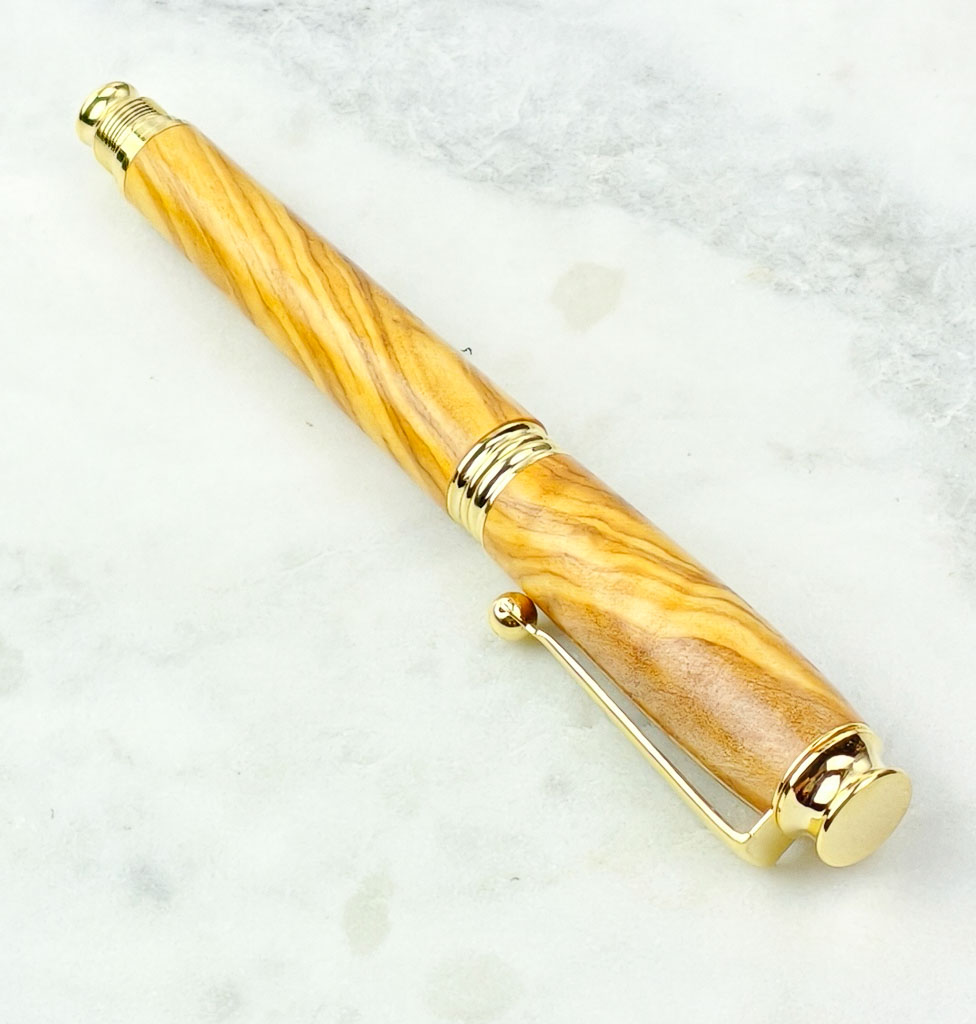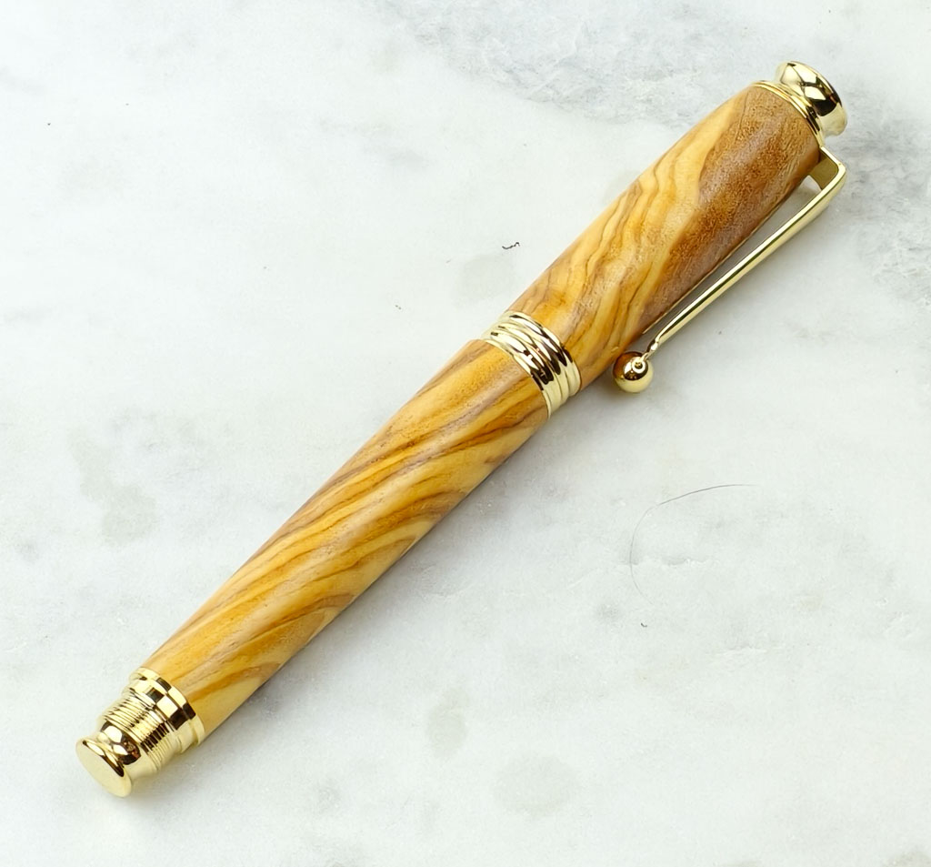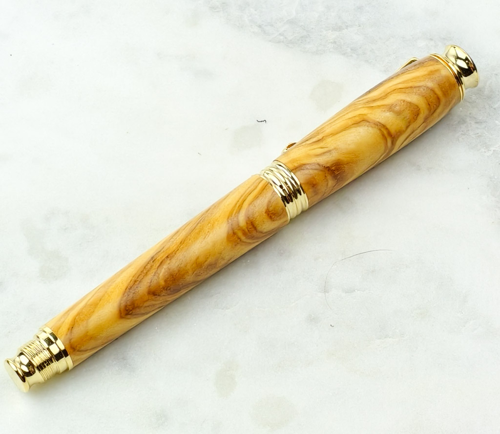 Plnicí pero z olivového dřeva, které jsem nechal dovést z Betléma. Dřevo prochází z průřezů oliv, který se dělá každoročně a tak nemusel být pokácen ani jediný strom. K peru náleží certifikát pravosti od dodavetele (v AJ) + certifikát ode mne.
--
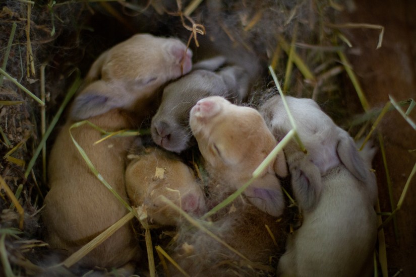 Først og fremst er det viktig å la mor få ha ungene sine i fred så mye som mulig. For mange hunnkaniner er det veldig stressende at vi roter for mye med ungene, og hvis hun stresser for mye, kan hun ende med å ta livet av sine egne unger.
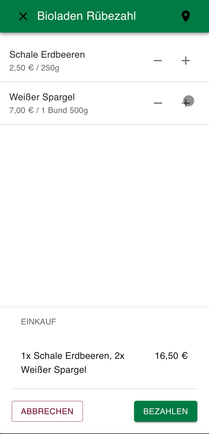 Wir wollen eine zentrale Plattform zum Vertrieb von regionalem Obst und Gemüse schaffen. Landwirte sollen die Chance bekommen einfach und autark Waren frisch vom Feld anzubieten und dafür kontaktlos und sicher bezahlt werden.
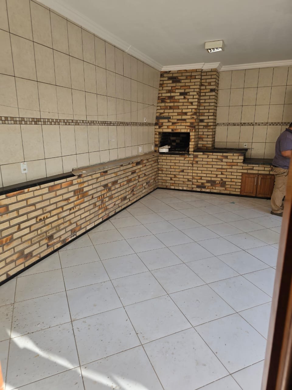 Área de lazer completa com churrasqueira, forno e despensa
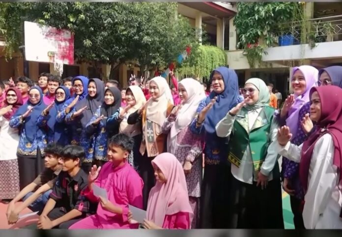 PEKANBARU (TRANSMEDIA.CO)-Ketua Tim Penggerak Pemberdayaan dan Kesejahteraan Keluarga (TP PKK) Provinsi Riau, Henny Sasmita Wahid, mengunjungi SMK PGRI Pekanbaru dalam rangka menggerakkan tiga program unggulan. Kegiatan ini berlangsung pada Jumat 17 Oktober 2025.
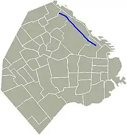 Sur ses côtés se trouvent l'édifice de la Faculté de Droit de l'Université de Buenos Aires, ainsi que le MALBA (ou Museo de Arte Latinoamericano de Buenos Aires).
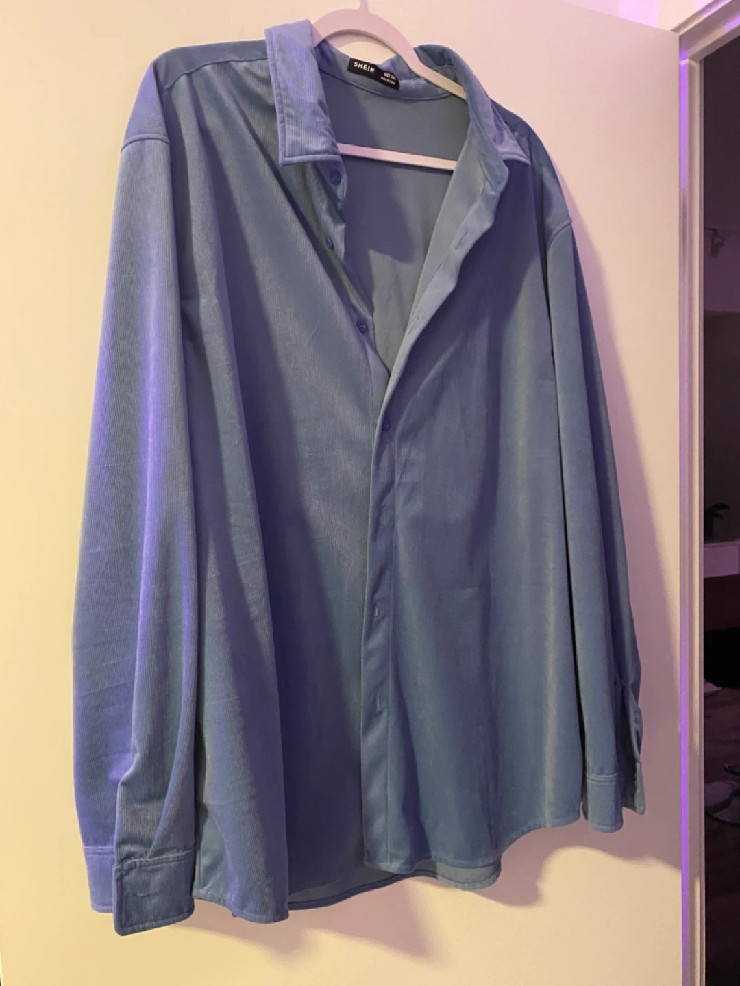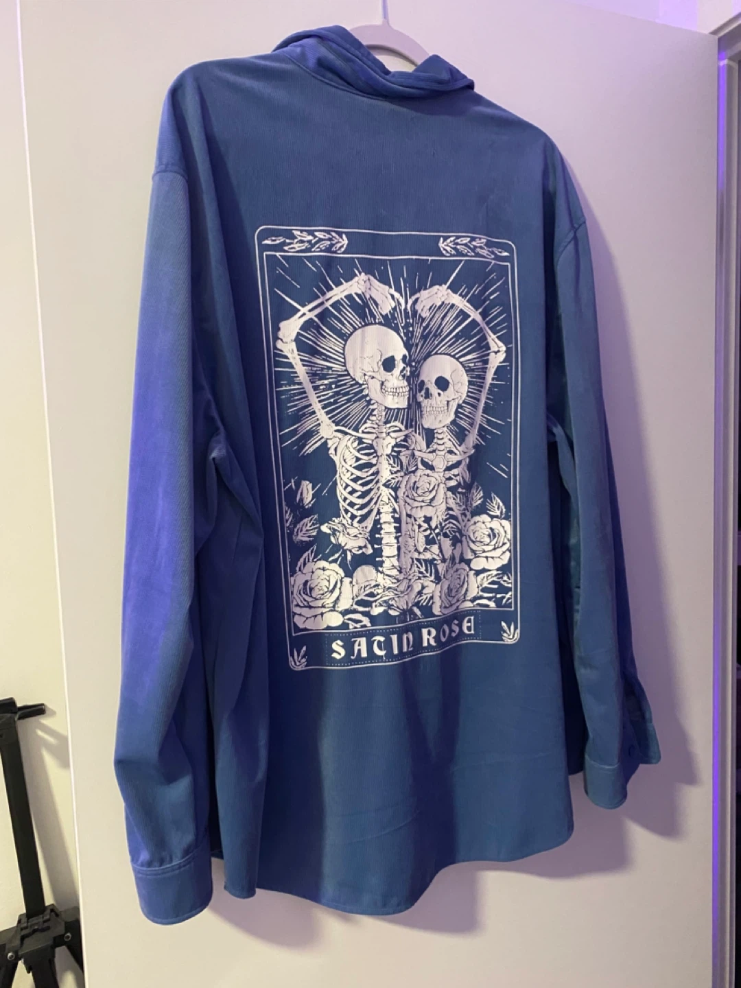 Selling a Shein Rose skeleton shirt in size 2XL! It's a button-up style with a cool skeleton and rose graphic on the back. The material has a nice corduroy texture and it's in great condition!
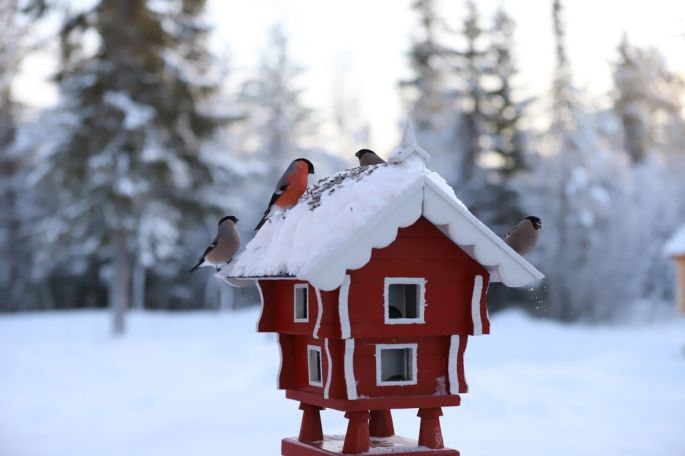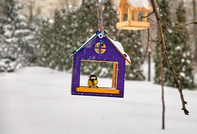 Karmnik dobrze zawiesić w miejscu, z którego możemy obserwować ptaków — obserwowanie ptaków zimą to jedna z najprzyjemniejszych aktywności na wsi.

Exercise objective – Reproduce, word for word, everything in the listing above from the line containing "Sur ses côtés" down to the line containing "Karmnik dobrze zawiesić", both of them included. No pictures.

Task result –
 Sur ses côtés se trouvent l'édifice de la Faculté de Droit de l'Université de Buenos Aires, ainsi que le MALBA (ou Museo de Arte Latinoamericano de Buenos Aires).
 Selling a Shein Rose skeleton shirt in size 2XL! It's a button-up style with a cool skeleton and rose graphic on the back. The material has a nice corduroy texture and it's in great condition!
 Karmnik dobrze zawiesić w miejscu, z którego możemy obserwować ptaków — obserwowanie ptaków zimą to jedna z najprzyjemniejszych aktywności na wsi.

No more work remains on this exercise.